■ **TASK DETAILS**: Copy nothing but the lines below, from the one with "LIDERPAPEL - CARPETA" through the one with "Nemendur í Barnaskólanum", exactly as written; no pictures should appear.

■ **RECORDS SHOWN**:
╔══
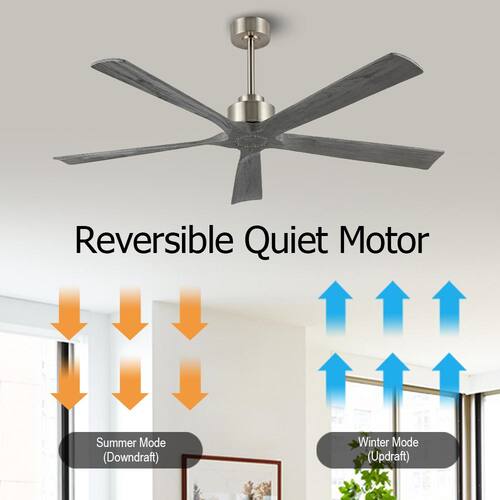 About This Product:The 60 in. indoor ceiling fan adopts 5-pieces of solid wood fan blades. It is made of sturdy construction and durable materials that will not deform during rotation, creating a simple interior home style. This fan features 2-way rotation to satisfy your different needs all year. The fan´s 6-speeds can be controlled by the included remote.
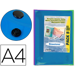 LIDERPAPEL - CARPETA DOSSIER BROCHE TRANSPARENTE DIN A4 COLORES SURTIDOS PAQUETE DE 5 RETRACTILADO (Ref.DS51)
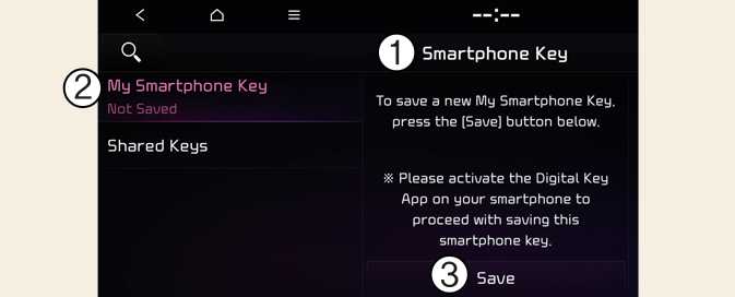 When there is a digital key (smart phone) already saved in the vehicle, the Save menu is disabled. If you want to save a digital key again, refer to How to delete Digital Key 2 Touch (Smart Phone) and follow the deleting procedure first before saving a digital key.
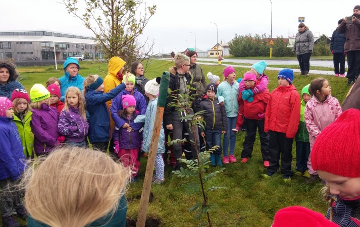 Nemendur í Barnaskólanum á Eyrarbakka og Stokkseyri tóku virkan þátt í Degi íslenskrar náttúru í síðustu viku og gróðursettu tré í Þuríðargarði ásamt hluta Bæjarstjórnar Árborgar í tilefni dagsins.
╚══
╔══
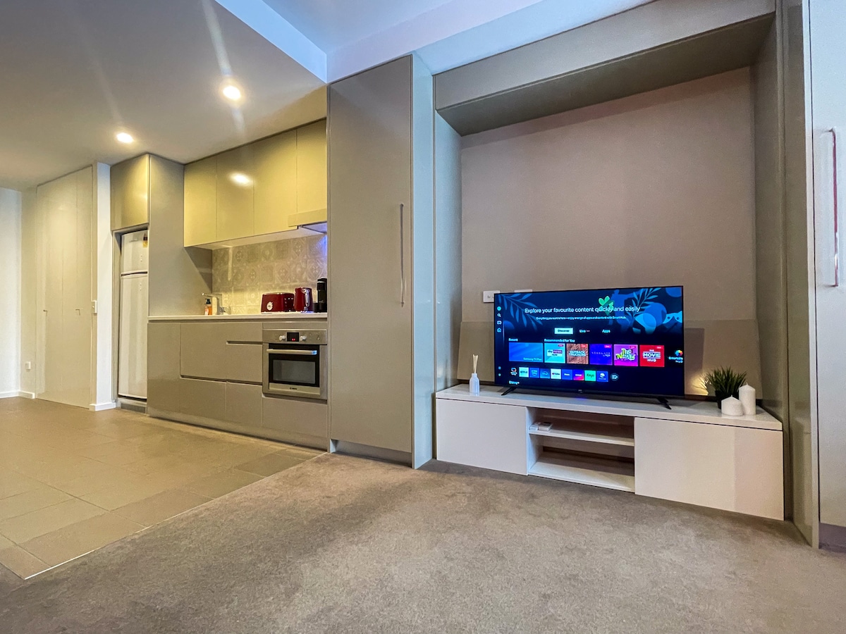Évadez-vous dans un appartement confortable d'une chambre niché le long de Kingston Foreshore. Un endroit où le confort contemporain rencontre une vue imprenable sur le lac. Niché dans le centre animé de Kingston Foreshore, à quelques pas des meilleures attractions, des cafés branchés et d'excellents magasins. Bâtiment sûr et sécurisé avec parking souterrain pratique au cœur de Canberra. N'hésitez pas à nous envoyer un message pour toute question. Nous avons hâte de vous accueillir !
╚══
╔══
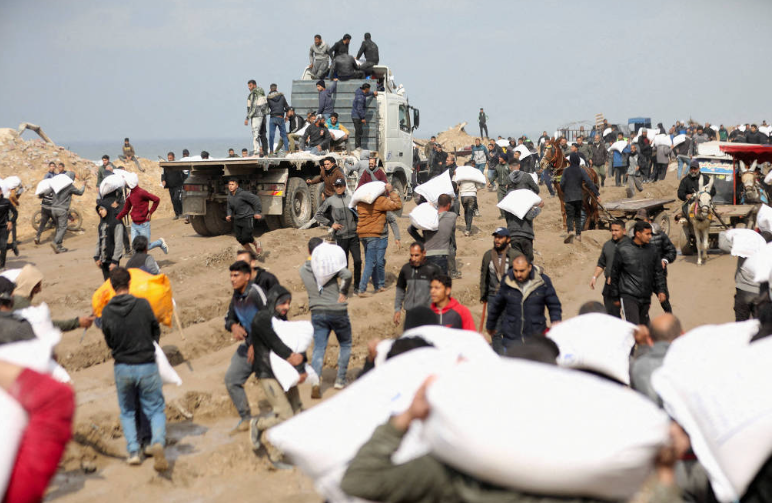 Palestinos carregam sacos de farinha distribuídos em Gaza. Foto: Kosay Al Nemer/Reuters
╚══
■ **YOUR SOLUTION**:
 LIDERPAPEL - CARPETA DOSSIER BROCHE TRANSPARENTE DIN A4 COLORES SURTIDOS PAQUETE DE 5 RETRACTILADO (Ref.DS51)
 When there is a digital key (smart phone) already saved in the vehicle, the Save menu is disabled. If you want to save a digital key again, refer to How to delete Digital Key 2 Touch (Smart Phone) and follow the deleting procedure first before saving a digital key.
 Nemendur í Barnaskólanum á Eyrarbakka og Stokkseyri tóku virkan þátt í Degi íslenskrar náttúru í síðustu viku og gróðursettu tré í Þuríðargarði ásamt hluta Bæjarstjórnar Árborgar í tilefni dagsins.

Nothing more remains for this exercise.